------ EXTRACTED MATERIAL
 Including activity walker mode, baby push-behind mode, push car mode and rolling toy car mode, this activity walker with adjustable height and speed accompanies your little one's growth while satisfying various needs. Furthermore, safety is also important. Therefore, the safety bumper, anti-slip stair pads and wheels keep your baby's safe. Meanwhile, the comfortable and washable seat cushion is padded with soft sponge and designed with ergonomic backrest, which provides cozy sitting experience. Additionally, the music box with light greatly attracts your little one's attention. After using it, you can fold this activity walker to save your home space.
------------
------ EXTRACTED MATERIAL
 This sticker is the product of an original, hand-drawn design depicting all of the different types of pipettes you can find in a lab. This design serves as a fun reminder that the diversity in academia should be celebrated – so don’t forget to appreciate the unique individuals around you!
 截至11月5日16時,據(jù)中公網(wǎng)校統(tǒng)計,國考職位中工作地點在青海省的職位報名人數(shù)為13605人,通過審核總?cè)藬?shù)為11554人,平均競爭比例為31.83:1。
------------
------ EXTRACTED MATERIAL
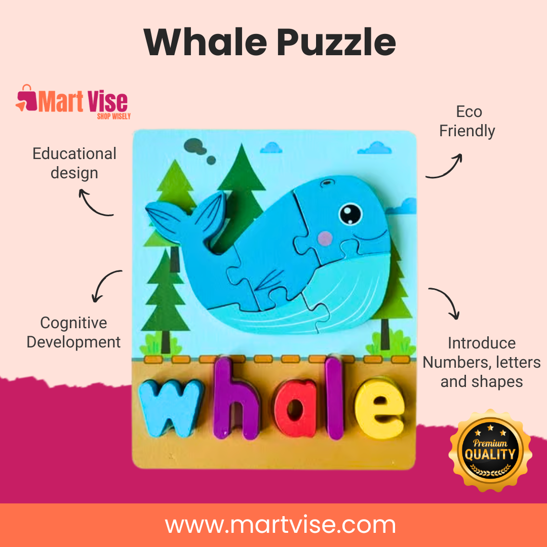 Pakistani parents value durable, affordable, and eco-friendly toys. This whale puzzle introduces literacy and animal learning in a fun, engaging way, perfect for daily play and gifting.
------------
**WORK ITEM:** Beginning at the line above with "This sticker is" and finishing at the line with "截至11月5日16時,據(j", return each line exactly and return nothing else.

**SOLUTION TO THIS PROBLEM:**
 This sticker is the product of an original, hand-drawn design depicting all of the different types of pipettes you can find in a lab. This design serves as a fun reminder that the diversity in academia should be celebrated – so don’t forget to appreciate the unique individuals around you!
 截至11月5日16時,據(jù)中公網(wǎng)校統(tǒng)計,國考職位中工作地點在青海省的職位報名人數(shù)為13605人,通過審核總?cè)藬?shù)為11554人,平均競爭比例為31.83:1。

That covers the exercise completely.